This will create a GDS file named 1KG_phase3_subset_chr1.merged.gds that contains the same information as the input VCF file. Use the “view stats and logs” button to check on the status of your tasks.

10.2 Ancestry and Relatedness

10.2.1 KING robust

Run the KING robust workflow to compute initial kinship estimates for all pairs of samples (see the task “3. KING robust run”).

  • Inputs
    • GDS file: 1KG_phase3_subset_chr1.merged.gds
  • App Settings
    • Output prefix: 1KG_phase3_subset_chr1

This will create a 1KG_phase3_subset_chr1_king_robust.gds file that contains the KING estimates as well as a 1KG_phase3_subset_chr1_king_robust_all.pdf with the plot of estimated kinship vs. IBS0.
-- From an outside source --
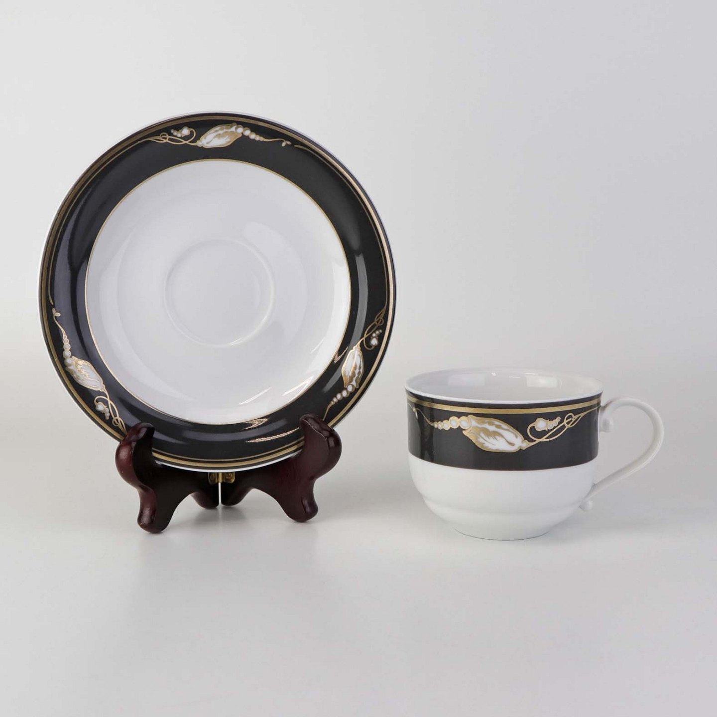 Service i glat hvidt porcelæn dekoreret med sort bort og gylden blomsterknop.
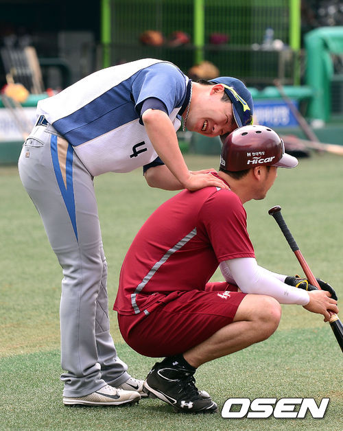 21일 오후 목동구장에서 열리는 '2013 한국야쿠르트 세븐 프로야구' 넥센 히어로즈와 NC 다이노스의 경기전 NC 지석훈이 배팅연습을 기다리는 넥센 이택근과 이야기를 나누고 있다.

Use the “view stats and logs” button to check on the status of your tasks. Click on the bar that says “king_robust”, click “view logs”, and click the “king_robust” folder. In here you can see detailed logs of the job; take a look at the job.out.log and job.err.log – these can be useful for debugging issues.

10.2.2 PC-AiR

Run the PC-AiR workflow to compute ancestry principal components (see the task “4. PC-AiR run”).

  • Inputs
    • Full GDS File: 1KG_phase3_subset_chr1.merged.gds
    • Kinship File: 1KG_phase3_subset_chr1_king_robust.gds
    • Phenotype File: sample_phenotype_pcs.RData
    • Pruned GDS File: 1KG_phase3_subset_chr1.merged.gds
  • App Settings
    • Output prefix: 1KG_phase3_subset_chr1
    • Group: “Population”
    • Run PC-variant correlation: FALSE

This will create a 1KG_phase3_subset_chr1_pca.RData file that contains the output PCs as well as several PC plots. Take a look at the 1KG_phase3_subset_chr1_pca_parcoord.pdf – how many PCs to adjust for in PC-Relate and the association analyses?

10.2.3 PC-Relate

Run the PC-Relate workflow to compute ancestry adjusted relatedness estimates (see the task “5. PC-Relate run”).

  • Inputs
    • GDS File: 1KG_phase3_subset_chr1.merged.gds
    • PCA File: 1KG_phase3_subset_chr1_pca.RData
  • App Settings
    • Number of PCs: 2
    • Output prefix: 1KG_phase3_subset_chr1

This will create a 1KG_phase3_subset_chr1_pcrelate.RData file that contains the PC-Relate relatedness estimates as well as a 1KG_phase3_subset_chr1_pcrelate_all.pdf with the plot of estimated kinship vs. k0. (Note that the estimates are very noisy because we are using so few variants in this toy example.)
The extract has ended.